En toute complicité...

Le Festival d'Avignon 2012

Ce n’est pas moins de 36 spectacles que nous propose cette 66è édition du Festival d’Avignon. Elle est conçue avec et autour de l’acteur metteur en scène britannique Simon McBurney pour qui le théâtre se doit « d’être un lieu d’invention et d’engagement ».

Sans doute plus connu du grand public comme acteur – on l’a vu récemment dans le film La Taupe , mais on a pu le voir également dans un Harry Potter ou encore un des épisodes de L’Inspecteur Barnaby  -, Simon McBurney qui, après sa formation chez Jacques Lecoq, a fondé à Londres le Théâtre de Complicité, aime à transgresser les frontières artistiques et fut l’un des premiers à mêler nouvelles technologies et littérature, les images et les sons, les mots et les corps. Rien d’étonnant dès lors qu’il choisisse pour frapper les trois coups du Festival d’adapter une œuvre qui transgresse les lieux, le temps et les formes : Le Maître et Marguerite de Mikhaïl Boulgakov.

Si, comme aimait à le dire Jean Vilar, Shakespeare et ses tumultes vont bien à la Cour d’Honneur, on imagine volontiers que la tumultueuse et folle histoire qu’est Le Maître et Marguerite lui ira comme un gant. Quoi de plus approprié en effet que le mur du Palais des Papes pour faire résonner cette œuvre foisonnante et iconoclaste qui enlace le ciel et la terre, Jésus et le diable, le burlesque et le fantastique, la critique sociale et politique.
Aussi, c’est avec une gourmande curiosité qu’est attendue la rencontre de l’imaginaire vertigineux de Boulgakov avec celui de McBurney que la France a découvert à la MC 93, avec cette polyphonique et splendide virée dans le passé de l’ humanité qu’était Mnémonic .

Bien d’autres propositions alléchantes émaillent cette nouvelle édition qui allie le laboratoire et la séduction et enfonce le clou du mixage des genres pour parler du présent . En ce domaine, on retrouve quelques grandes pointures familières du Festival : Christoph Marthaler (My Fair lady, un laboratoire de langue), Roméo Castellucci (The Four seasons restaurant) ou encore Thomas Ostermeier qui à travers une adaptation « radicale » de la pièce d’Ibsen Un ennemi du peuple soulèvera quelques problèmes écologiques à l’ordre du jour, tel celui de l’eau.

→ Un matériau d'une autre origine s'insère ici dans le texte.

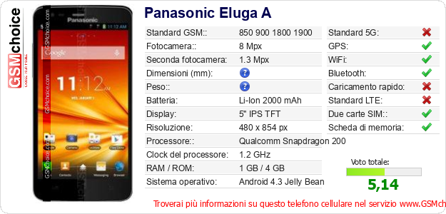 Dati del telefono cellulare Panasonic Eluga A sul tuo sito
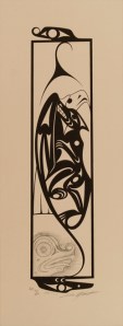 Luke Marston is a Coast Salish artist whose work is much in demand. In the summer of 2009, he and his brother John had an exhibit at the Inuit Gallery that must have set records for the prices obtained by artists in their mid-careers. Since then, neither has sustained those prices, but each continues to be much sought-after (Luke, for the record, is the brother who does the astonishing masks and historical recreations). Never having had the money when I saw one of his works that I admired, I was glad to pick up a remarque of his print “Family.”
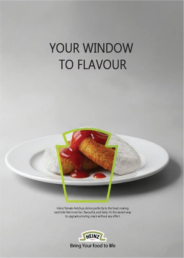This campaign shows that without Heinz, food is just "gray noise"—boring, dry, and lifeless. By keeping the background in black and white, I highlight the blandness of an everyday snack. The famous Heinz bottle shape acts as a magic window that brings the color back. Inside that window, the food is bright, juicy, and full of flavor. The message is simple: Heinz doesn't just add sauce; it turns a dull meal into a vibrant experience. It’s the "filter" that brings your food to life.
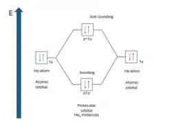 From bond order, one can predict whether a bond between two atoms will form or not. For example, the existence of He2 molecule. From the molecular orbital diagram, the bond order is . That means, no bond formation will occur between two He atoms which is seen experimentally. It can be detected under very low temperature and pressure molecular beam and has binding energy of approximately 0.001 J/mol.[17] (The helium dimer is a van der Waals molecule.)
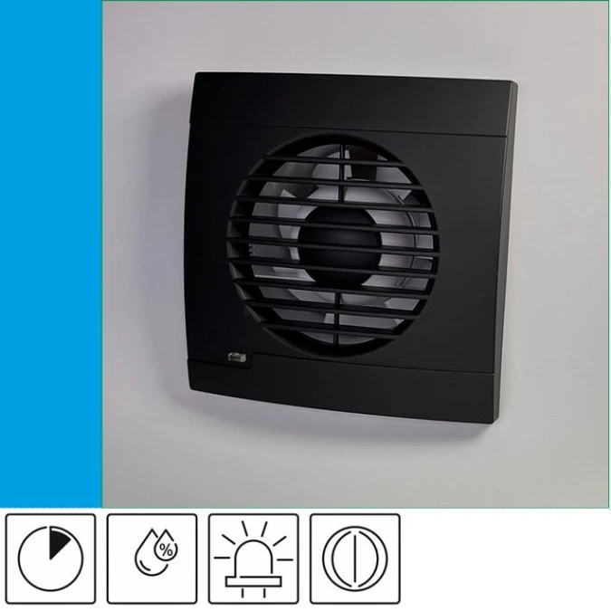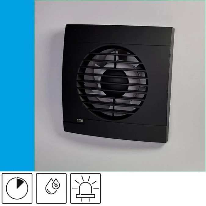 Wentylator domowy Eol 100HT Onyx czujnik wilgotności z opóźnieniem czasowym, fi 100 mm, kolor czarny
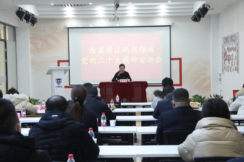为深入学习宣传和全面贯彻党的二十大精神,扎实做好党的二十大精神宣讲工作,推动党的二十大精神家喻户晓、深入人心,按照中央部署和省委、市委、新区党工委工作安排,12月5日下午,西安市第十四次党代会代表、西咸新区组织人事部副部长、西咸新区党工委宣讲团成员、非公和社会组织工委书记黄冰若在28365-365.com_365三式投注_体育平台送365彩金新城华瀚物流红色驿站会议厅为西咸新区新经济组织和新社会组织代表作党的二十大精神宣讲。

Pour leur part, le lyonnais Bruno Meyssat avec 15% et l’allemand Nicolas Stemann à partir du texte de Elfriede Jelinek Les contrats du commerçant, une comédie économique aborderont, chacun à leur manière, les dérives des systèmes financiers. Le Mapa Teatro de Bogota parlera lui, des violences en Colombie et celles du Liban seront sur la sellette avec « 33 tours et quelques secondes » de Lina Saneh et Rabi Mroué.

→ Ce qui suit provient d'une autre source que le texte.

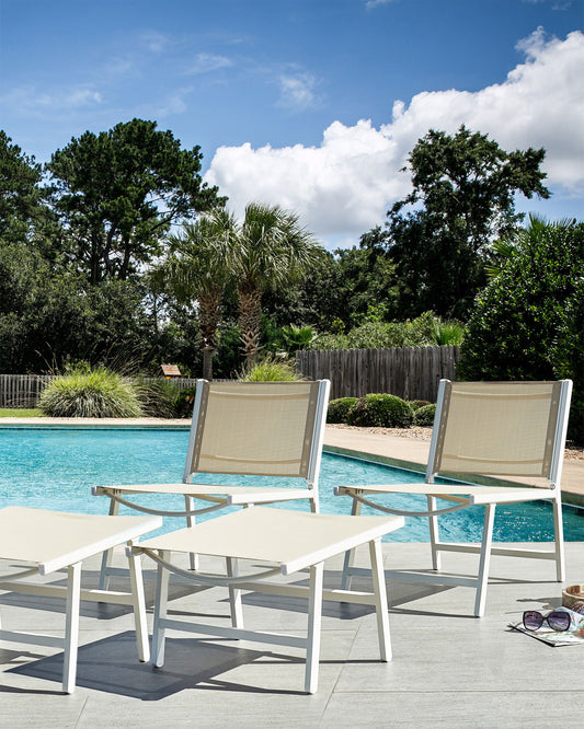 Gartenstuhl 2er Set MARCEDDI mit Fussstütze Metall Weiss / Beige

Il y aura des auteurs d’aujourd’hui pour parler d’aujourd’hui tels Guillaume Vincent (La Nuit tombe) et Christophe Honoré ( La Faculté et Un jeune se tue), mais aussi des classiques contemporains avec La Mouette de Tchékhov que met en scène Arthur Nauzyciel avec Dominique Reymond dans le rôle d’Arkadina et Six Personnages en quête d’auteur de Pirandello sous le regard acéré de Stéphane Braunschweig.

C’est en toute « complicité » que Simon McBurney retrouvera dans la Cour d’Honneur l’écrivain britannique John Berger, comparse et ami, pour une lecture à trois voix du roman d’amour épistolier de celui-ci De A à X . Un peu plus tard, l’auteur et sa fille, Katia Berger, se livreront à une réflexion autour d’une fresque du peintre de la Renaissance, Andrea Mantegna.

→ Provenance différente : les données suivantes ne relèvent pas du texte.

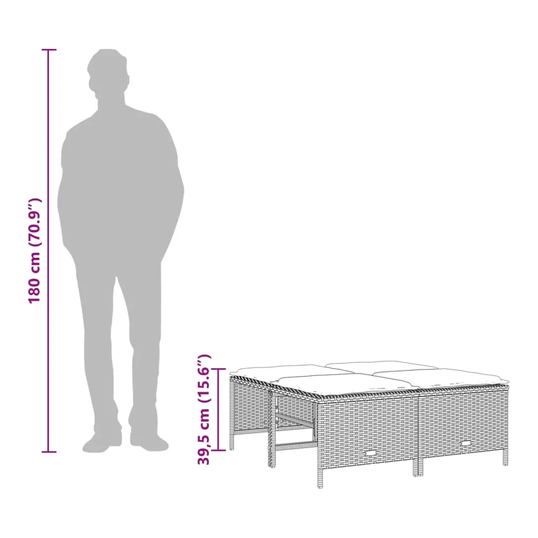 - Dimensions du coussin d’assise (repose-pied) : 51 x 48 x 3 cm (l x P x é)
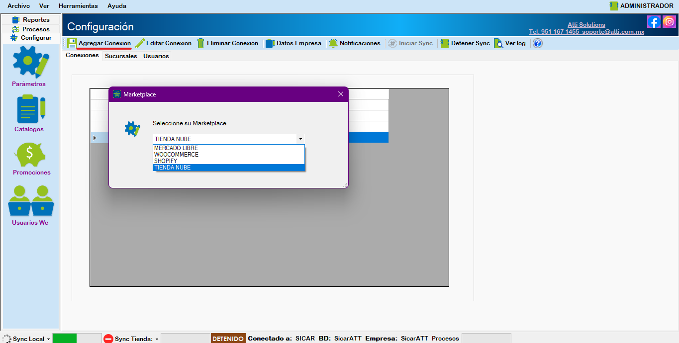 Para habilitar el uso del sistema Microzync, sigue estos pasos, realiza la configuración en la sección de Configurar → Parámetros y Selecciona «Agregar Conexión», elige Marketplace > Tienda Nube.
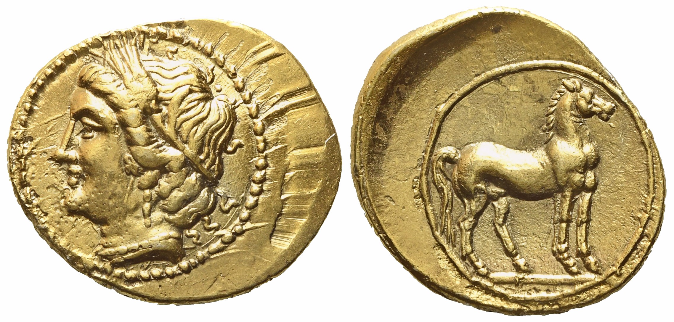 Wreathed head of Tanit left; Rv. Horse standing r. Jenkins-Lewis, pl. 28, 2; Robinson, 3; SNG Cop. 369; coll. Dewing 994-995. 1,58g. Rare. Extremely fine.

Côté danse, Sidi Larbi Cherkaoui, Josef Nadj, Olivier Dubois, Régine Chopinot, Nacera Belaza nous proposeront des spectacles qui, à travers la variété des styles et des compositions, nous interpelleront « sur ce qui nous rassemble et nous distingue ».

Alors que de Chaillot à Sète, on célèbre le centenaire de Jean Vilar, le Festival se devait de rendre hommage à son père fondateur, ce qu’il fera en grand et sur la place du Palais des Papes le 14 juillet, avec un spectacle tissé d’images d’archives , de témoignages, de musique et concocté par la compagnie KompleXKapharnaüM. Ce sera festif et impertinent et l’occasion sans doute de revivre quelques grandes heures du Festival et de se rappeler que Vilar a su faire d’Avignon un vaste chantier où se repensait sans cesse la création et le rapport au public, qu’il a lui-même tracé la voie de la diversité et du métissage en ouvrant le premier le Festival à la danse, la musique, au cinéma comme aux auteurs contemporains. A leur manière, Hortense Archambault et Vincent Baudrier inscrivent leur présent programme sur ces traces-là, tant il est vrai que les créateurs invités aujourd’hui peuvent, à l’instar de Jean Vilar hier, dire « Je fais pour mon époque le théâtre de mon temps ».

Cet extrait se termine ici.